INSTRUCTIONS FOR THE TASK:
Look below for the line that has "MICHELIN Easy Grip"; output exactly from it through the line that has "9月25日讯 本赛季,皇马射手姆巴佩延续了良好的竞技状态 ,法国人在西甲中已经打进7球。根据Squawka的数据统计", and leave the pictures out.

ENTRIES SUPPLIED:
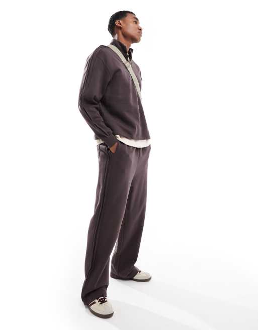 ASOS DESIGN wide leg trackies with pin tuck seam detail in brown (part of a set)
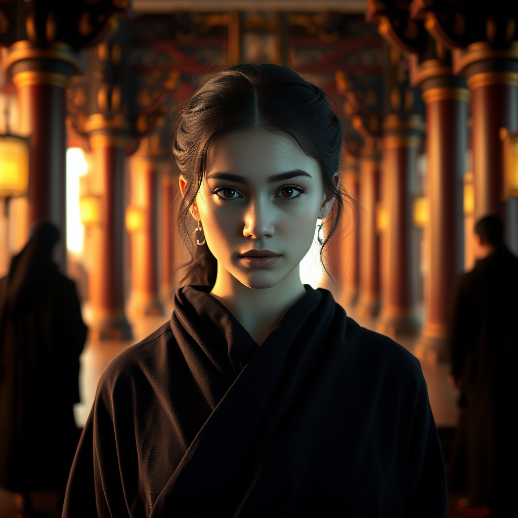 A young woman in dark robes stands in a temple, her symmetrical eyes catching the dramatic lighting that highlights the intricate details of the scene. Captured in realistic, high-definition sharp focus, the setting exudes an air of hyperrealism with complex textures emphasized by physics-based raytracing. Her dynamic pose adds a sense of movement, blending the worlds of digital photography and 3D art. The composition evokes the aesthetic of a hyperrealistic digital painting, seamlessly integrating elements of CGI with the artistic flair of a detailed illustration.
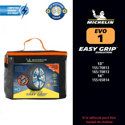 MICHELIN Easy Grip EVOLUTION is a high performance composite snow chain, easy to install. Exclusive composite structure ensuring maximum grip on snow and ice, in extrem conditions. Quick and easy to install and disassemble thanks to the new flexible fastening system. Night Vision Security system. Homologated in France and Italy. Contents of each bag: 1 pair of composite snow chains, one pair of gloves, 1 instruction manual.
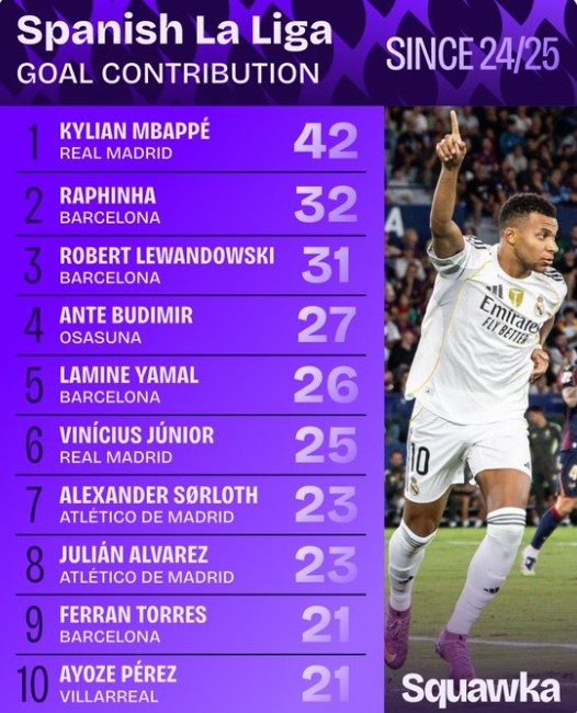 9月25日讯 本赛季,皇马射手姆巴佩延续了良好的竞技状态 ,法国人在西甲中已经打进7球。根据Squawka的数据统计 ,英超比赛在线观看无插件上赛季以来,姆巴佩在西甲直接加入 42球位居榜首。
==
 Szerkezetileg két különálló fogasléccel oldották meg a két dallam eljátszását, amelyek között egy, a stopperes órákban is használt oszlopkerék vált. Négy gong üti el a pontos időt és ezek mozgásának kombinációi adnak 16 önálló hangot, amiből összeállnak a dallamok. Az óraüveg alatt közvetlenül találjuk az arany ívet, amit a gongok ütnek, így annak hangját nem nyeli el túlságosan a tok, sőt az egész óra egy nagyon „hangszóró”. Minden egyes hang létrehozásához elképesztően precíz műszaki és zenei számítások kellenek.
==
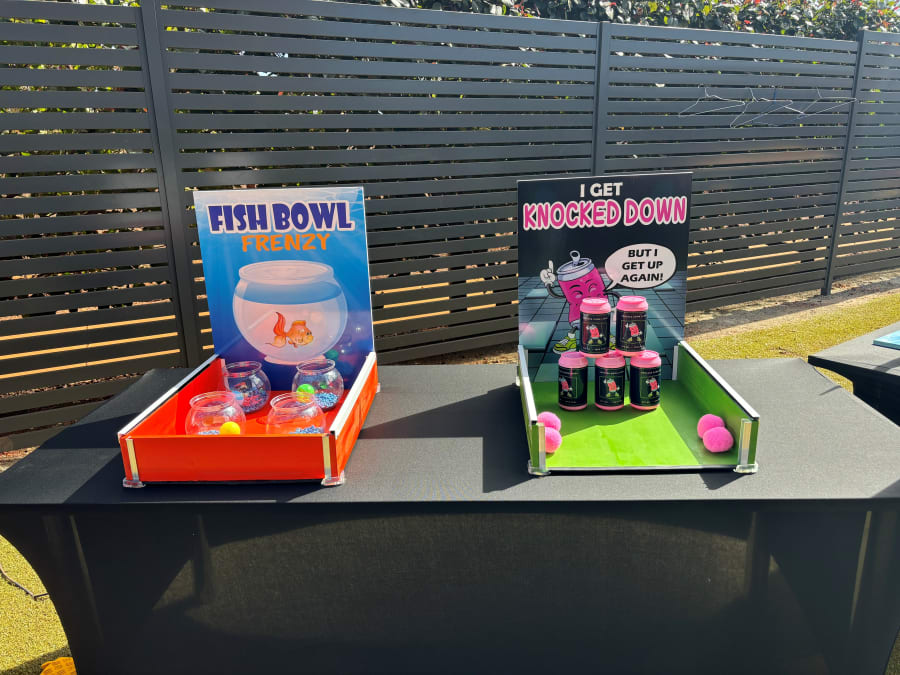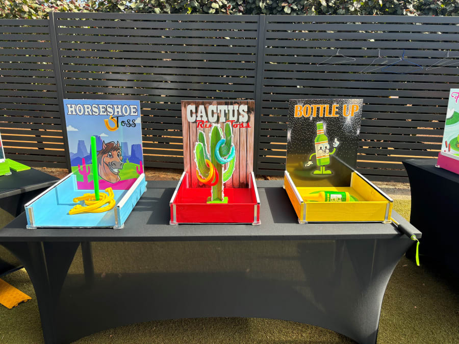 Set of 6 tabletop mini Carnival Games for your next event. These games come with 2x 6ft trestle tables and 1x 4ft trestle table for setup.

FINISHED TASK:
 MICHELIN Easy Grip EVOLUTION is a high performance composite snow chain, easy to install. Exclusive composite structure ensuring maximum grip on snow and ice, in extrem conditions. Quick and easy to install and disassemble thanks to the new flexible fastening system. Night Vision Security system. Homologated in France and Italy. Contents of each bag: 1 pair of composite snow chains, one pair of gloves, 1 instruction manual.
 9月25日讯 本赛季,皇马射手姆巴佩延续了良好的竞技状态 ,法国人在西甲中已经打进7球。根据Squawka的数据统计 ,英超比赛在线观看无插件上赛季以来,姆巴佩在西甲直接加入 42球位居榜首。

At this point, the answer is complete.